11-25-2014 03:31 AM - edited 11-25-2014 03:37 AM
You wire a value of 0.05 to an integer and expect that to result in what? 50? 5000?
Obviously, you have to dig a little deeper in frequency basics like phaseshifting, time vs. samples. vs. frequency and computational constraints (data types like integer vs. floating point).
If you are going to hardware later on:
You should use dynamic signal acquisition devices (DSA) for audio acquisition and you require high accuracy of synchronization. Did you already thought about this?
Norbert
EDIT: Please leave text in default color. Your front panel is close to useless as labels are not readable (bad contrast). Also updated link for synchronization to a better white paper.
11-25-2014 04:13 AM
Thanks for the reply . I wire a 0.05 and i should get 0.05 as output.. Im not able to analyse what mistake i have done.
My next question was the same. How to acquire 2 signals simultaneously. tHank u for the pre-answer. I have a PXI with 1 GRAS microphone and one USB microphne.. Is it possible to acquire signal at the same time?
11-25-2014 04:46 AM
You add SAMPLES as offset (phase shift) to your signals. As there is no fractional number of SAMPLES, you see no shift when adding 0.05.
You have to compute the number of SAMPLES your TIME 0.05s represent. This is depending on the SAMPLING SPEED (aka sample frequency) which you configured for simulate signal in your VI.
I doubt that you can synchronize your microphones as you don't know the delays of the sound devices and the driver for those. This can be several us up to easily more than 100ms.

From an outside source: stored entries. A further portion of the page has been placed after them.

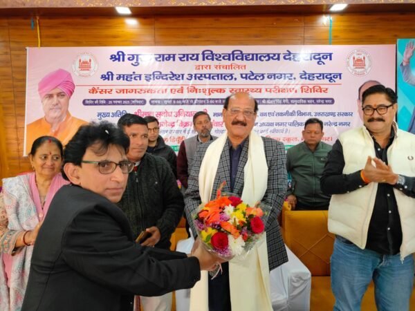 देहरादून। श्री गुरु राम राय विश्वविद्यालय एवं श्री महंत इन्दिरेश अस्पताल, देहरादून के सौजन्य से सोवन सिंह नेगी, सामुदायिक भवन, नरेन्द्र नगर में शनिवार, 29 नवम्बर 2025 को कैंसर जागरूकता एवं निःशुल्क स्वास्थ्य परीक्षण शिविर का सफल आयोजन किया गया। इस अवसर पर 1880 मरीजों ने शिविर का लाभ उठाया। शिविर में अस्पताल के विशेषज्ञ चिकित्सकों ने स्वास्थ्य परामर्श दिया तथा रोगियों को निःशुल्क दवाइयाँ वितरित की गईं।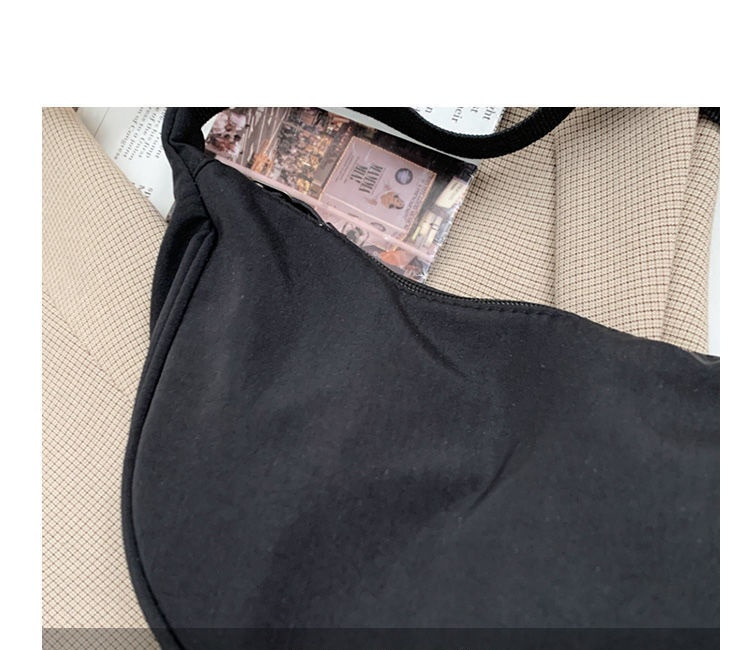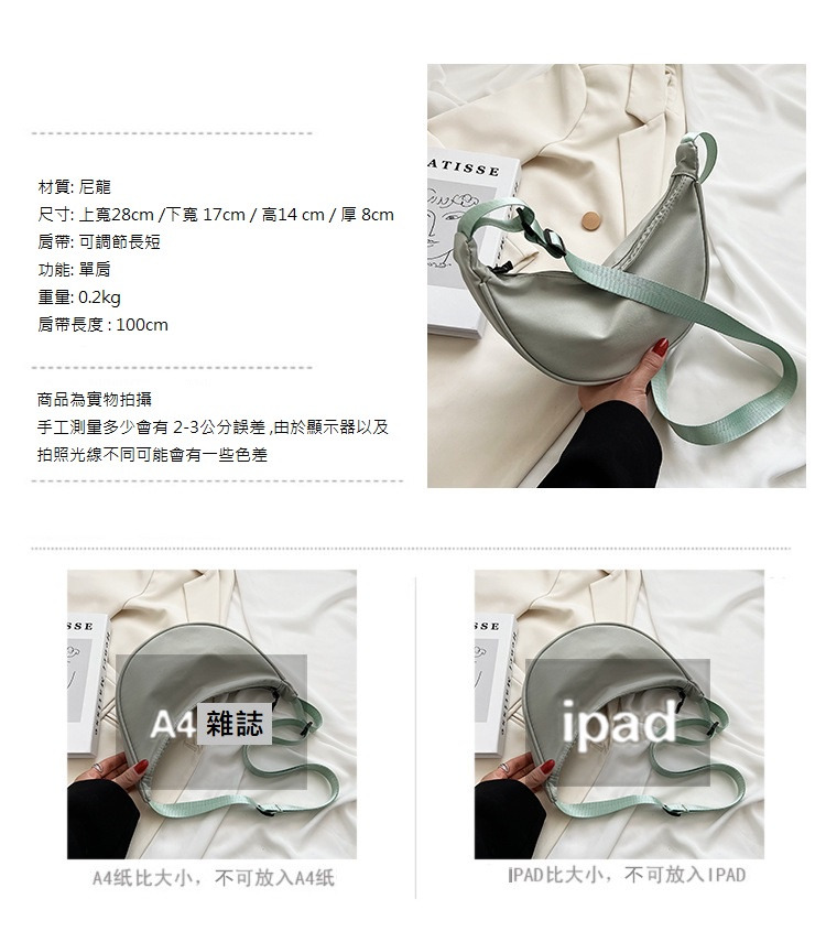 尼龍材質輕量防潑水,半月造型俏皮可愛。拉鍊開合方便取物,可單肩或斜背,日常出門逛街的輕便好選擇。多色可選,簡約低調中帶點個性。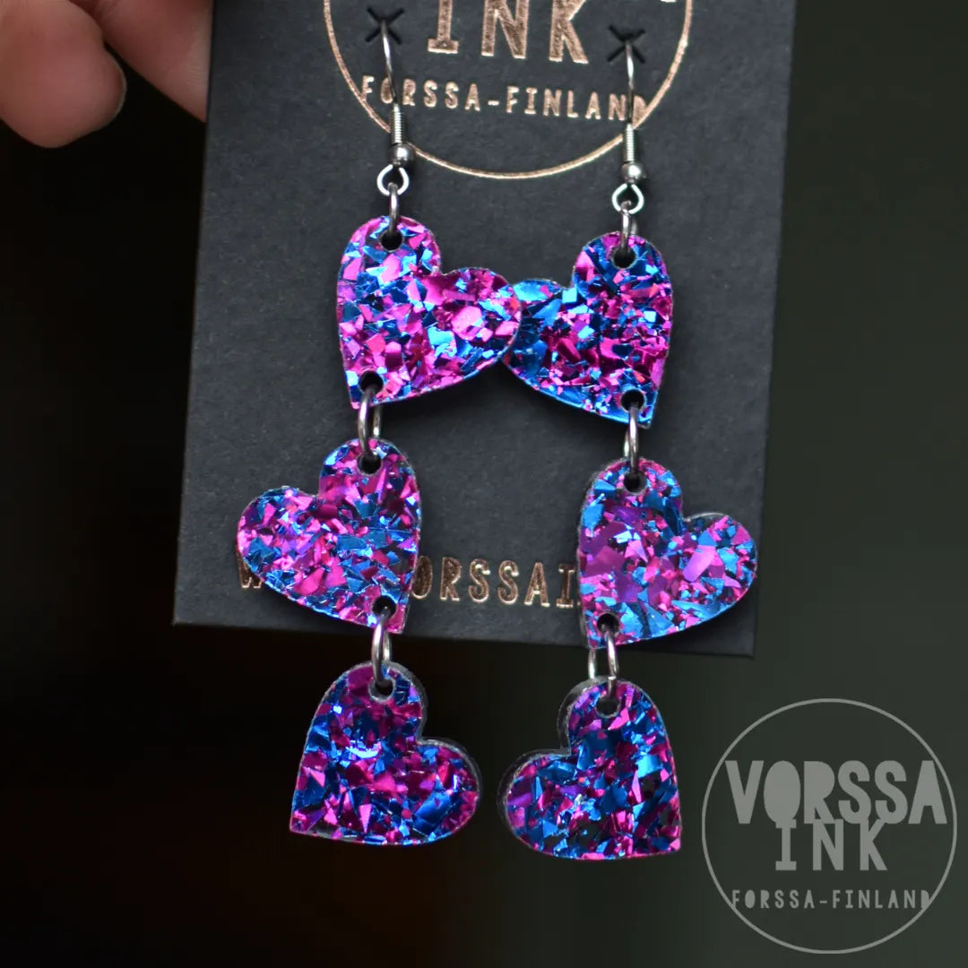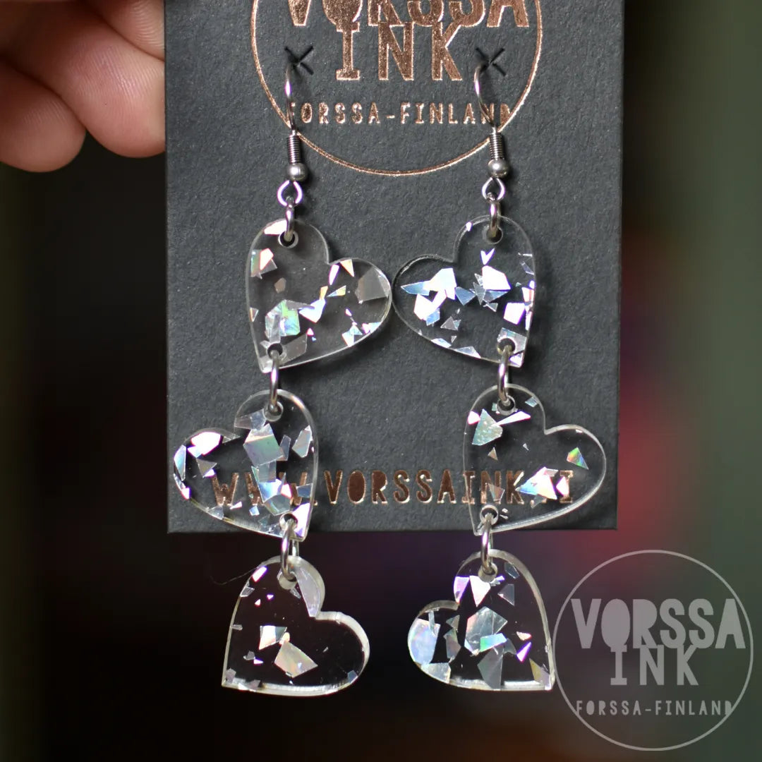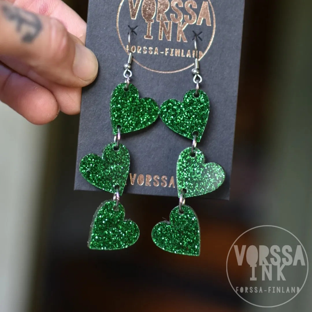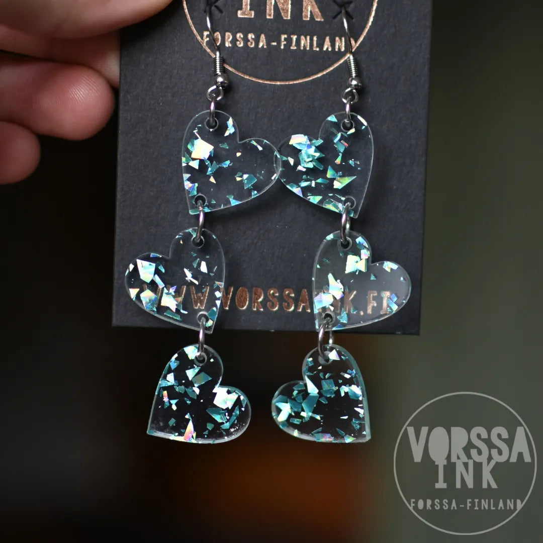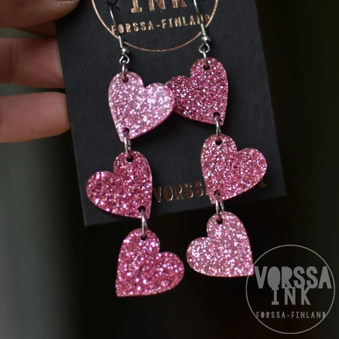Kotimaiset Triple Love Glitteri -korvakorut ovat kauniit ja kevyet, käsityönä valmistetut korvikset niin arkeen kuin juhlaan.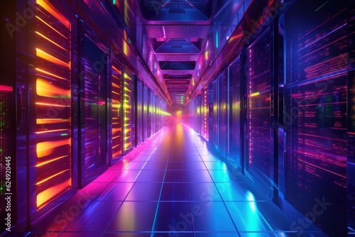 The watermark will not be included on Wall mural.: Holographic data center with glowing servers, created with generative ai

Taking speed of sound into account, there is an inherent (and unknown) inaccuracy of easily more than 30 m in your measurement. Depending on the desired accuracy, you require highly synchronized data aquisition including same wire lenght!
I think you can find this reference architecture very intersting!
Norbert
11-27-2014 03:36 AM
This white paper is really interesting.. thank u so much.